Coming up with a solution

It took a while for me to write this post, but I came to a solution a few days after writing my latest post.

Thinking to migrate to Firebase, I started to dig more under the hood of how Firebase was working. I liked the idea to have data retrieved very fast but was curious how it could send a lot of data under 200ms.

Turns out it doesn't. What it does is keeping a connection alive and receiving what the queue has to offer to that current connection. If data comes between two requests, it is queued and sent once the new request is ready.

I tried to implement something similar, and the result was crazy. I could send a "retrieve" request (GET in a RESTful way) that would respond immediately with an ACCEPTED status code, and once the requested data was ready, it would be published on that long-polling request or pending until that request would be open.

Of course, I had to rewrite quite some code, but it reduced the code I had implemented and made me write something that was clearer. Win-win !

After a few days of working on it, I discovered something problematic. You are limited on how many long-polling XHR request you can have in a browser for a given domain. This means that any user wanting to open many tabs will quickly have issues.

That's when I started to dig more into websockets. I was already aware of this while I was researching long-polling, but I had the misconception that it was not as widely available as it is.

It turns out that websocket is ready and working very well on all browsers. Moreover, I'm using Sanic on the backend, which has a very good implementation of websockets. Migrating the long-polling request to websocket was very easy, and the result was impressive.

So, how does it work ?

It's quite simple in the end.

I always try to have my server-side structure following the REST pattern, the best I can. So I did the same, but adding a realtime layer on top of that.

Concretely, there is only one command that requires data ; It's GET. The other commonly used commands (PATCH, PUT, POST, DELETE) are actions that needs validation and acknowledgement, so you can't fire-and-forget these.

I've added a custom options on my GET functions that, when enabled, will respond immediately with an ACCEPTED status code, and then continue to work by executing the requested work (listing the users, for instance).

Instead of returning them to the client, the results, fetched one by one for faster processing, are sent to a queue along with a "request identifier".

On the consumer end of the queue, a websocket event is sent to the user with the request ID and the data available.

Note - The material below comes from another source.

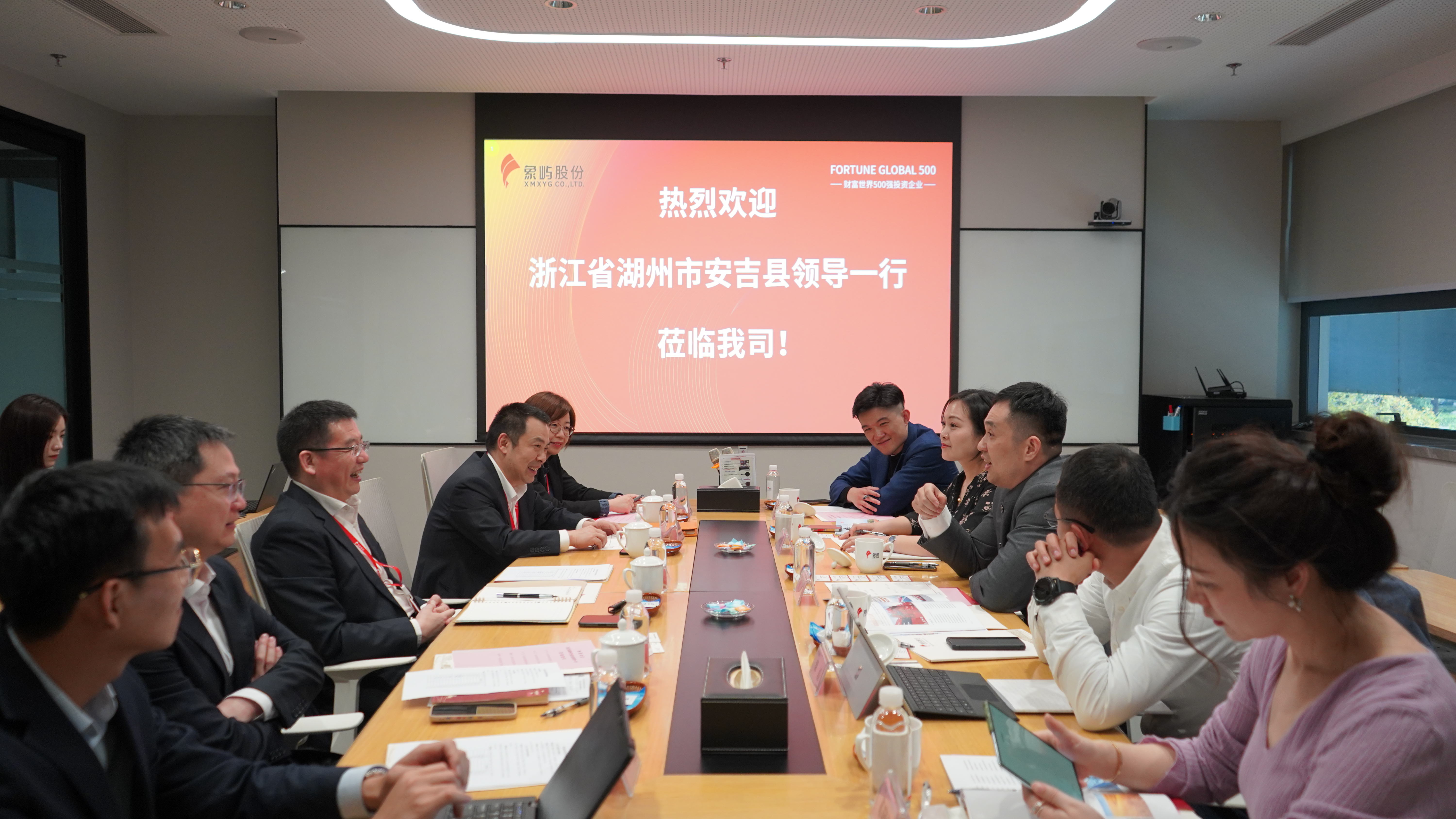座談會上,鄧啟東董事長對劉清局長一行的到來表示歡迎,并向來賓們詳細介紹了象嶼股份的發(fā)展歷程、主要業(yè)務板塊及經(jīng)營思路。鄧啟東表示,安吉是習近平總書記“兩山理論”的發(fā)源地,秉承“綠水青山就是金山銀山”的理念,安吉的發(fā)展成就有目共睹。象嶼股份也一直堅持綠色發(fā)展道路,希望未來能與安吉多溝通多互動,找到政企合作新空間。

Once all the data has been sent, a "done" event with the request ID is sent to indicate the client the data has been sent.

The functions handling these GET requests and sending the data to the queue is build in a hybrid way : It will send the resulting data one by one to the queue for the websocket, but only if a specific header is present to behave that way (simply, the request-id set by the browser, which will be able to match the responses received by the websocket). If that header is missing, the data is returned as a standard API response in JSON.

Any POST/PUT/PATCH/DELETE requests are synchronous and always respond once the request work has been done, with the updated information (or removed in case of a DELETE). But in parallel, an event is fired to all the websocket connections to notify of any changes.

That way, when a user updates some data, all the other connected users have their data updated in realtime.

Of course, a security layer is added and only the users belonging to the same organization have these updates. This means that an organization won't have access to data from another organization or be notified from their changes.

This solution is close to what Firebase is offering, except that the logic is done on the server side (filtering, ordering, etc) rather than on the client side. But that's just a decision to lower the amount of data the user will handle. Every data received while connected are stored in the memory of the browser and the code listens to any changes (update/delete) and updates them appropriately.

When the user closes the tab and re-open it later, the first connections loads the essential data again and will receive any subsequent changes and apply them.

This is done simply because it would be too complicated to track the database state right before the user closed the tab, and send only the list of changes when they come back. The data sent when re-opening the service is not that much and with current Internet bandwidth, it only takes a few ms to fully load. Moreover, the data loaded is done in the background while the application shows key elements, so when the user access these data, they are already present.

Conclusion

I hope this was interesting. The whole quest of finding an efficient, fast and always-up-to-date interface was quite challenging and made me rethink how we load and access data.

This required me to re-think and re-write how the backend behave, and how the frontend could rely on the browser to speed up the process.

A future iteration of this would be to rely even more on the browser features to store data (IndexedDB for instance) in order to fasten the rendering of the application, but reload everything from the server and update what is needed.

Taking into consideration slow browsers and slow internet connections will be something else to dig into, which gives this project a nice and complex technical thought.